Leave out all pictures. Extract exactly the lines from the one containing "- Carbon Steel" through the end of the data.
[Dataset records Boundary: Start]
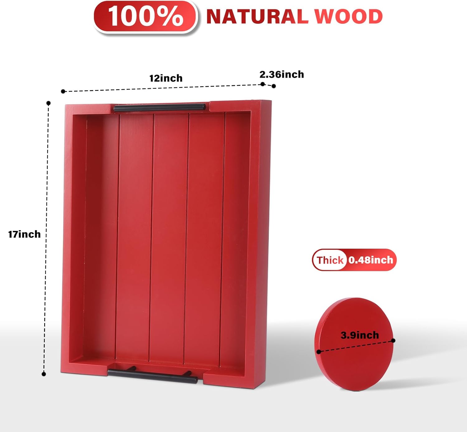- BEAUTIFUL HANDCRAFTED DESIGN – Carefully crafted from premium quality fir wood with fine attention to details, our wooden serving tray set or tray for ottoman coffee table has ergonomically fitted metal handles for ease of carrying. Measuring 17”x 13”, this wood serving tray (rectangle) is the ideal size to carry snacks, drinks, and meals around the house without any hassle - WONDERFUL home decor!
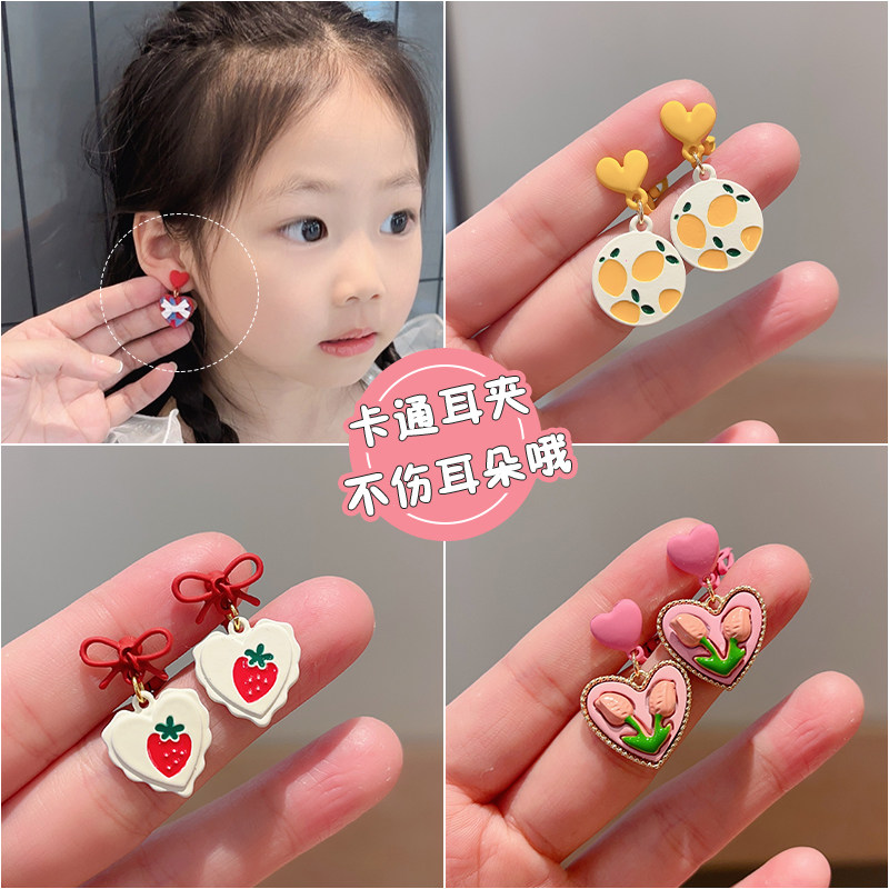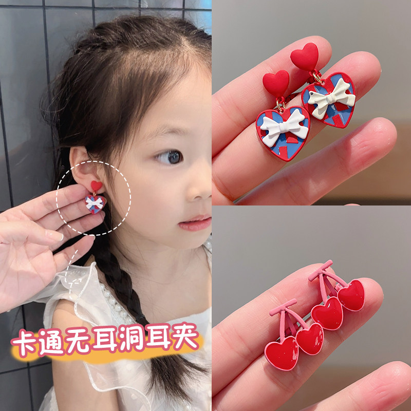 Children without earbuds ear clamps free of pain without pain ear nails little girl earrings without hurting ear baby girl earrings girl accessories-Taobao
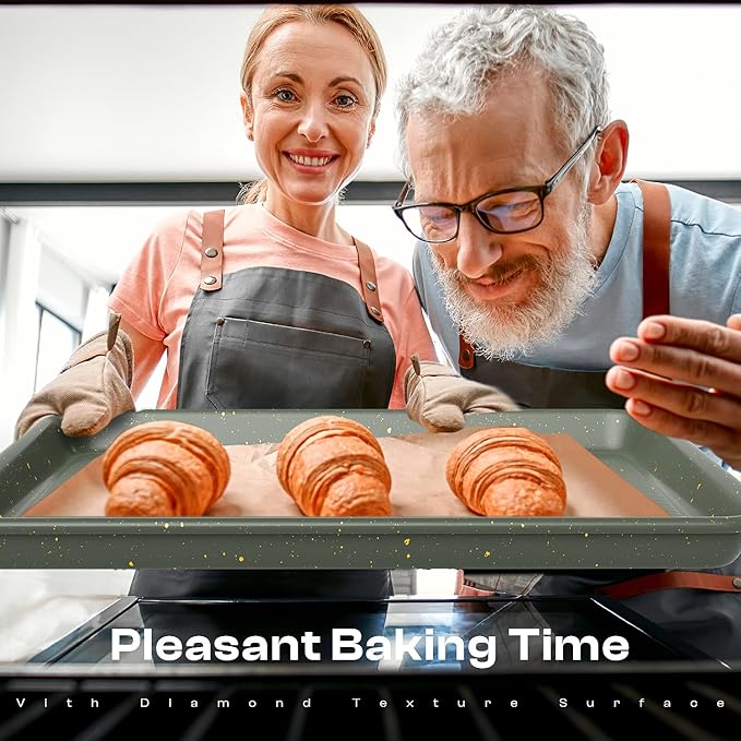- Carbon Steel Construction: Crafted from 57% thickened carbon steel for lasting durability, this baking pan set is PTFE, PFAS, and PFOA free. It resists warping at temperatures up to 428°F, ensuring perfect baking results every time
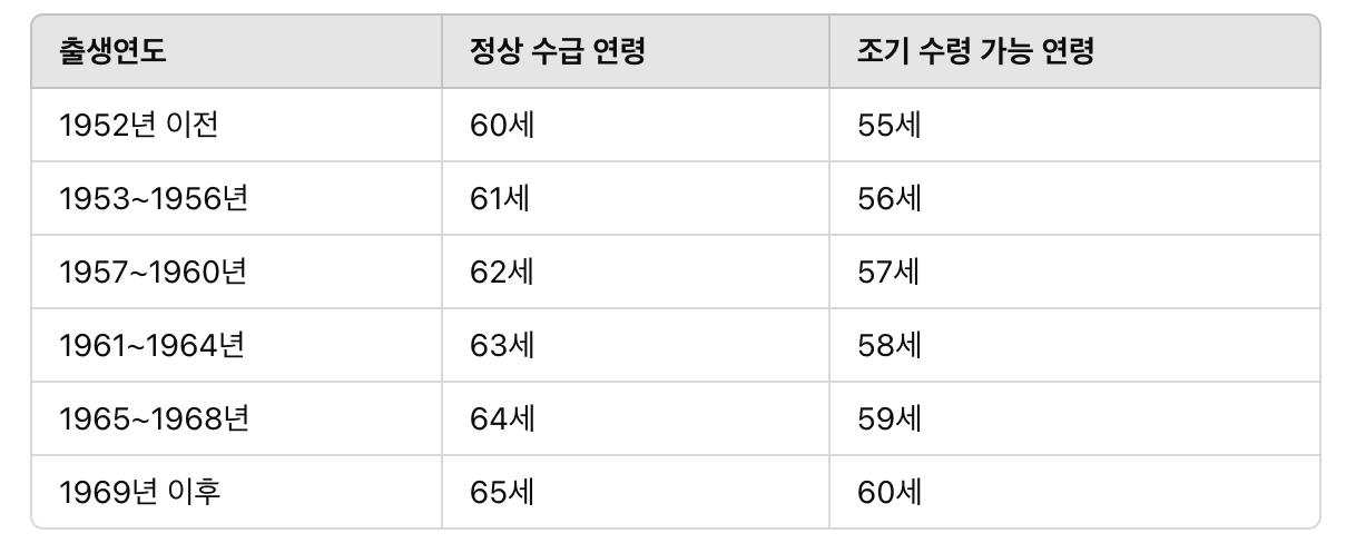| 수급 개시 시점 | 60 ~ 64세 | 65세 이후 |
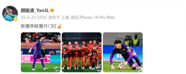 2月23日訊 中超聯(lián)賽首輪,上海海港主場3-1擊敗深圳新鵬城。賽后,海港門將顏駿凌發(fā)文慶祝勝利。
[Dataset records Boundary: End]
Expected answer >>
- Carbon Steel Construction: Crafted from 57% thickened carbon steel for lasting durability, this baking pan set is PTFE, PFAS, and PFOA free. It resists warping at temperatures up to 428°F, ensuring perfect baking results every time
| 수급 개시 시점 | 60 ~ 64세 | 65세 이후 |
 2月23日訊 中超聯(lián)賽首輪,上海海港主場3-1擊敗深圳新鵬城。賽后,海港門將顏駿凌發(fā)文慶祝勝利。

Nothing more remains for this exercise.